The United Sates came out of World War II a very powerful nation and began to pressure other colonial powers to free their subject people, but, interestingly, failed to offer the same relief to its own subjects in its own colonies, the US territories.
In the Pacific, 14 island communities were freed from direct colonial rule. However, still on the agenda of the UN’s Special Committee of 24 on Decolonization are Guam and the French territories. This special committee is the main body concerned with progress towards self-determination and independence of all people under colonial rule. “Decolonization” is an international term in the United Nations system for the process of eliminating the colonial system in the world, and creating independent states from the former dependent territories. Self-determination is the right of a people to decide upon its own form of government without outside influence.
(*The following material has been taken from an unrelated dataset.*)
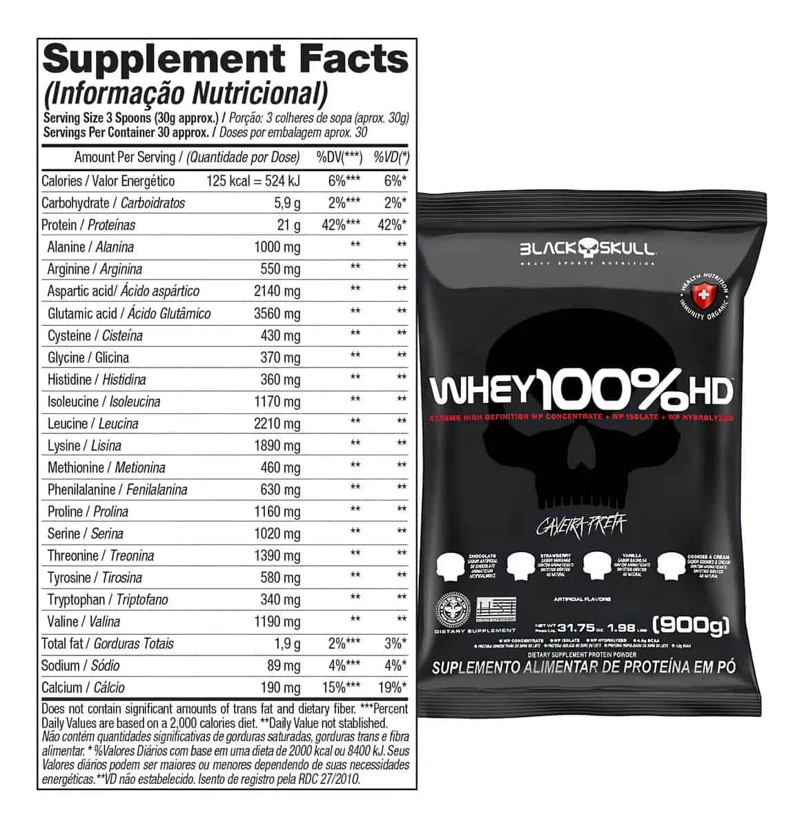 Suplemento em Pó 100% Hd Refil Black Skull – 900g Wpc Wpi E Wph Sabor Chocolate

In the UN Charter, which was ratified by the US Senate in 1945, the US had an additional treaty obligation with respect to Guam as a non-self-governing territory. “Non-self-governing territories” is an international term for areas subject to the authority of another state.
In the Charter chapter entitled, “Declaration Regarding Non-Self-Governing Territories,” UN member states administering such territories recognized the principle that the interests of the inhabitants were paramount; member states also accepted as a sacred trust the obligation to promote their well-being to the utmost. To that end, they pledged to ensure the political, economic, social and educational advancement of the inhabitants of those territories, to develop self-government, and to assist the peoples in the progressive development of their free political institutions. The United States assumed the obligation to submit an annual report on Guam to the UN General Assembly.
Attempts to resolve the question about Guam
The administration of President Harry Truman, after the end of World War II, wrestled with the problems of Guam. The Truman administration decided early on that US citizenship for the CHamorus was long overdue. They remembered the loyalty of the CHamorus to the US during the 30 months of Japanese occupation on Guam. This administration also decided that the military government must be replaced by a civilian government. Independence, free association, commonwealth or statehood, however, were not even considered as a possible political status for Guam. There was only one status that they could recommend to the Congress—a middle ground status, which was not a state of the Union, nor one independent from the United States. The question about what to do about Guam as a US territory went back to when the island was acquired by the US back in 1898.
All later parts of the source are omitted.